Pictures are not part of the copy; reproduce the remaining data exactly.

Information provided: Begin

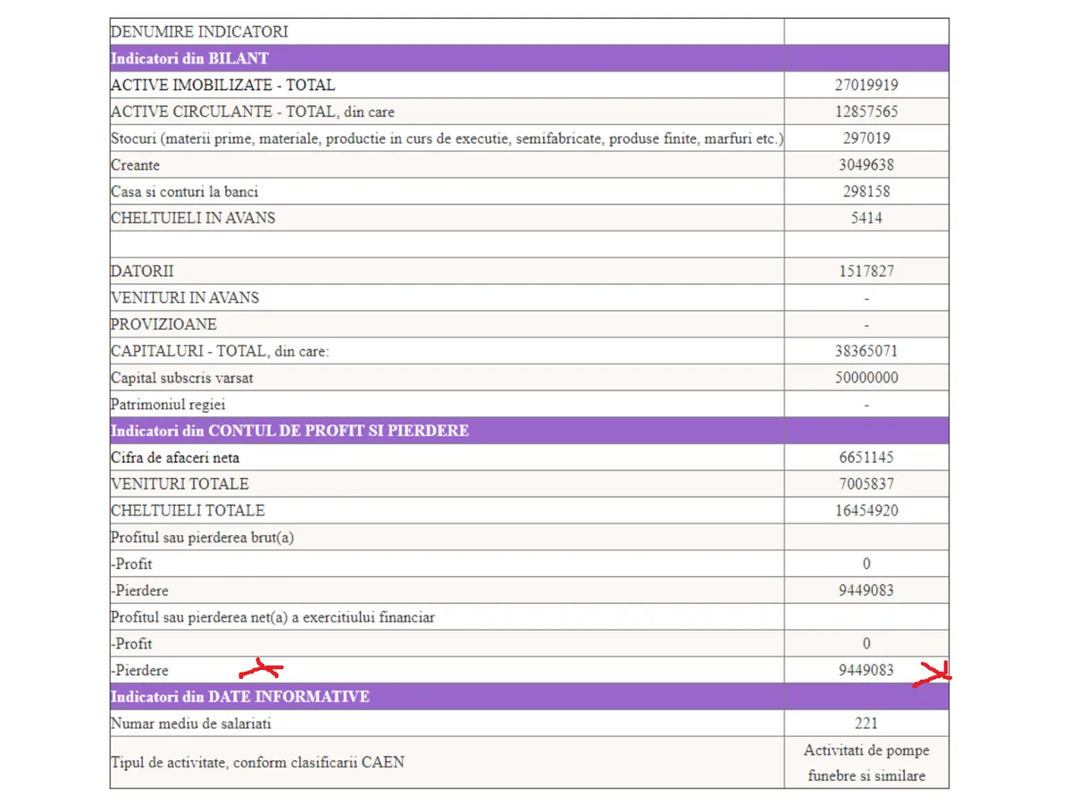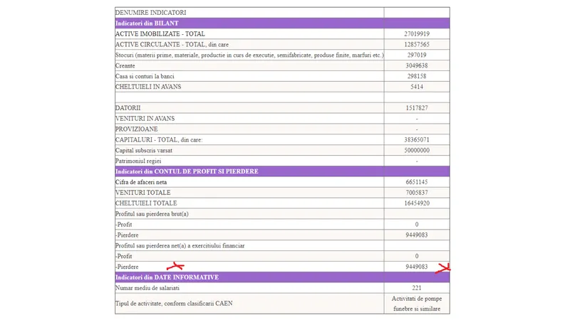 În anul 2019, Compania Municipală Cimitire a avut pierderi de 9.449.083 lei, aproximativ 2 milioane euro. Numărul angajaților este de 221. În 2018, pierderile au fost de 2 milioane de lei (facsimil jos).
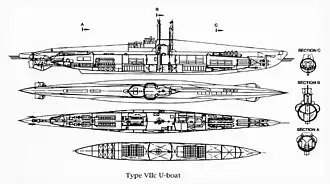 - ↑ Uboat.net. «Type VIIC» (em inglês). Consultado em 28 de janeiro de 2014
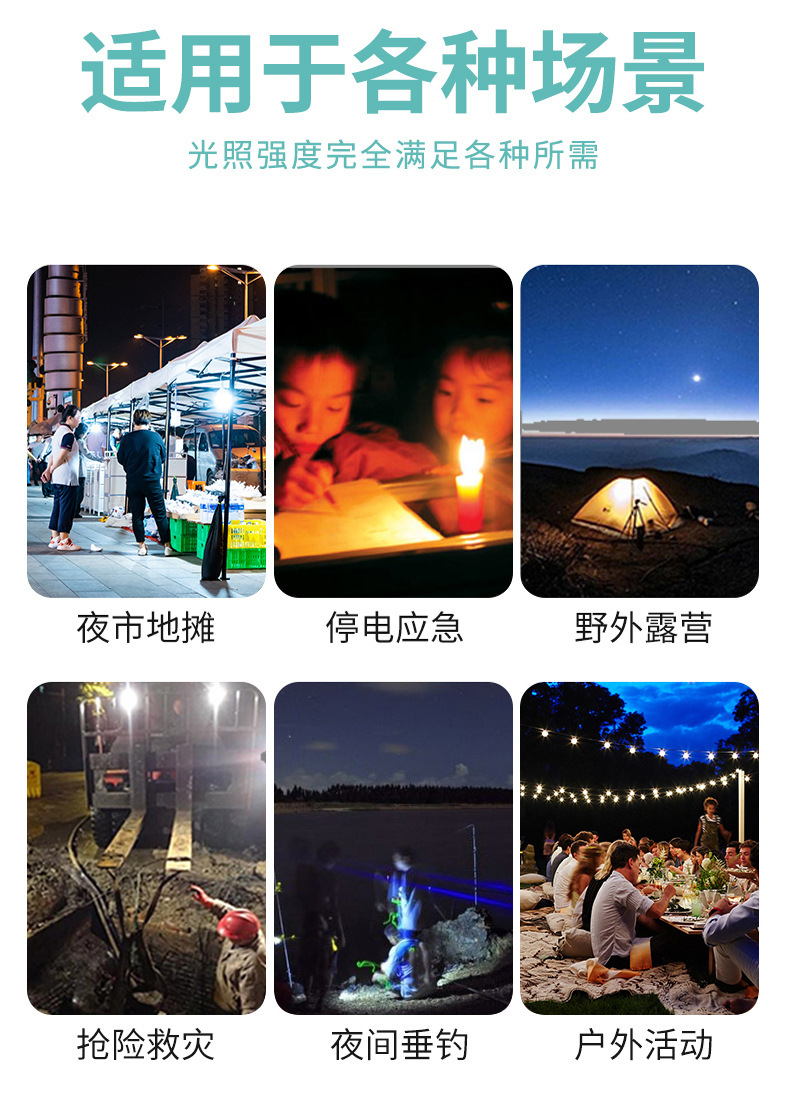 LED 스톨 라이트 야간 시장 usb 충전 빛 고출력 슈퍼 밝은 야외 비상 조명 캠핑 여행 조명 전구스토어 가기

Information provided: End

◆ Result ◆
 În anul 2019, Compania Municipală Cimitire a avut pierderi de 9.449.083 lei, aproximativ 2 milioane euro. Numărul angajaților este de 221. În 2018, pierderile au fost de 2 milioane de lei (facsimil jos).
 - ↑ Uboat.net. «Type VIIC» (em inglês). Consultado em 28 de janeiro de 2014
 LED 스톨 라이트 야간 시장 usb 충전 빛 고출력 슈퍼 밝은 야외 비상 조명 캠핑 여행 조명 전구스토어 가기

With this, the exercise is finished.